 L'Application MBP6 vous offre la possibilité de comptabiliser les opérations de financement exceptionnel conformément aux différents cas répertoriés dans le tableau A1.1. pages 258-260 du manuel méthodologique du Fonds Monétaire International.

==

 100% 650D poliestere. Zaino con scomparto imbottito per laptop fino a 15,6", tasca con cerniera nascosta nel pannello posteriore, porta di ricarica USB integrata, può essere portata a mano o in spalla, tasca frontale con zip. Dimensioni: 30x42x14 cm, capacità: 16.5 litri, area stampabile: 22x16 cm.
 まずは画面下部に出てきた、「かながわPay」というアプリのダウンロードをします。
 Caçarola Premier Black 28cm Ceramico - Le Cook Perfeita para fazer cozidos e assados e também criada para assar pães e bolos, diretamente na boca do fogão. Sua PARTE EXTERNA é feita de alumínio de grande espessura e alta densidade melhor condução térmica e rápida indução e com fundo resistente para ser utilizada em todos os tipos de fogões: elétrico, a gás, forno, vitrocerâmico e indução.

*EXERCISE INSTRUCTIONS*.
For the material above, reproduce exactly the lines from the line with "100% 650D poliestere." to the line with "Caçarola Premier Black", inclusive, and exclude all others.

*REPLY TO THE TASK*.
 100% 650D poliestere. Zaino con scomparto imbottito per laptop fino a 15,6", tasca con cerniera nascosta nel pannello posteriore, porta di ricarica USB integrata, può essere portata a mano o in spalla, tasca frontale con zip. Dimensioni: 30x42x14 cm, capacità: 16.5 litri, area stampabile: 22x16 cm.
 まずは画面下部に出てきた、「かながわPay」というアプリのダウンロードをします。
 Caçarola Premier Black 28cm Ceramico - Le Cook Perfeita para fazer cozidos e assados e também criada para assar pães e bolos, diretamente na boca do fogão. Sua PARTE EXTERNA é feita de alumínio de grande espessura e alta densidade melhor condução térmica e rápida indução e com fundo resistente para ser utilizada em todos os tipos de fogões: elétrico, a gás, forno, vitrocerâmico e indução.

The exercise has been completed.